A helicopters flies over Highway 69 in Houston. Rising water from Tropical Storm Harvey pushed thousands of people to rooftops or higher ground Sunday as they had to flee their homes. (Jabin Botsford/The Washington Post)

The United States and Venezuela are not on good terms.

Since President Trump took office, he's sanctioned the country four times (and threatened military action too), taking Venezuelan President Nicolás Maduro to task for his increasingly autocratic tendencies.

But that bad blood didn't stop Venezuela from offering $5 million in aid to the victims of Hurricane Harvey.

As Foreign Minister Jorge Arreaza explained on state television, the money would come from Citgo Petroleum, the government-run oil company with a refinery in Corpus Christi, Tex. Arreaza said the aid will be directed to local mayors and be aimed at the construction of homes and shelters around Houston. “We express our solidarity with the Americans affected by the hurricane,” he said, according to Reuters. “When an American fills his tank at a Citgo gas station, he’ll be contributing to the rebuilding of the affected communities.”

(The move might not be quite as charitable as it seems — new U.S. sanctions make it impossible for Citgo to send profits back to Caracas.)

It's not clear whether the United States will accept the aid. The State Department did not return calls for comment. A few days ago, Mexico offered “help and cooperation.” The State Department did not say whether it'll take the country up on the offer, explaining in an email Sunday to The Washington Post that “if a need for assistance does arise, we will work with our partners, including Mexico, to determine the best way forward.”

President Trump signed an executive order on Aug. 25, to restrict Venezuelan President Nicolás Maduro's access to the U.S. economy.
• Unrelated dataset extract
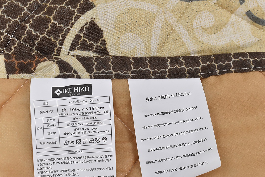 (敷き)表側 ポリエステル100%プリント/裏側 ポリプロピレン100%不織布(掛け)詰めもの:ポリエステル100%、2.2kg入
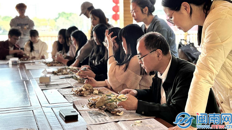 在南山書院,水仙花雕刻師陳建清為大家進行雕刻講解,雙方以“漳州非遺水仙花雕刻”為共同語言,開展了一場漳州文化的沉浸式互動體驗,中日師生的友誼也在“一水一花”中悄然交融,逐漸綻放。

National security adviser H.R. McMaster said the action strongly punishes Maduro's "illegitimate dictatorship." (Reuters)

Venezuela has a long history of trolling U.S. leaders with kindness.

In 2005, Citgo offered $1 million in disaster relief for victims of Hurricane Katrina. It also offered food, water, fuel and other assistance. The Bush administration rejected the aid, calling it “counterproductive.” (Then-President Hugo Chávez personally weighed in on the federal government's response to Katrina, calling President George W. Bush “the king of vacations” for staying in Texas as the storm swept through Louisiana. “There were many innocent people who left in the direction of the hurricane,” Chávez said in a speech. “No one told them where they should go.")

That same year, Citgo began delivering discounted or free heating oil to low-income Americans. The program — which eventually served more than 1.7 million Americans in 25 states and Washington — was celebrated by the likes of Joseph P. Kennedy II. Kennedy, who ran Citizens Energy, said that Chávez cared for the poor when “some of the wealthiest people on our planet have more money than they can ever reasonably expect to spend.”

There were other efforts, too. Chávez was particularly partial to the South Bronx, where he donated millions of dollars over the years. That money funded after-school classes, literacy programs, food cooperatives and the restoration of the Bronx River. One woman, Lucia Solano, remembers “stalking” Chávez when he came to visit the New York borough in 2005. Her nonprofit group was $18,000 behind on rent, and Solano believed Chavez might help. She finally wrangled her way to the leader and made her case. He soon sent her a check to cover the rent.

Since Chávez died and the Venezuelan economy tanked, these efforts have mostly fizzled. And it's not clear that they ever got Chávez what he really wanted — a foothold with the U.S. poor. “Many people questioned his motivation,” Eric Farnsworth, vice president of the Council of the Americas and Americas Society, told the Associated Press shortly after Chávez died. “Was this a true humanitarian gesture or was it an opportunity to stick it in the eye of the United States? I think many people in the U.S. thought it was the latter.”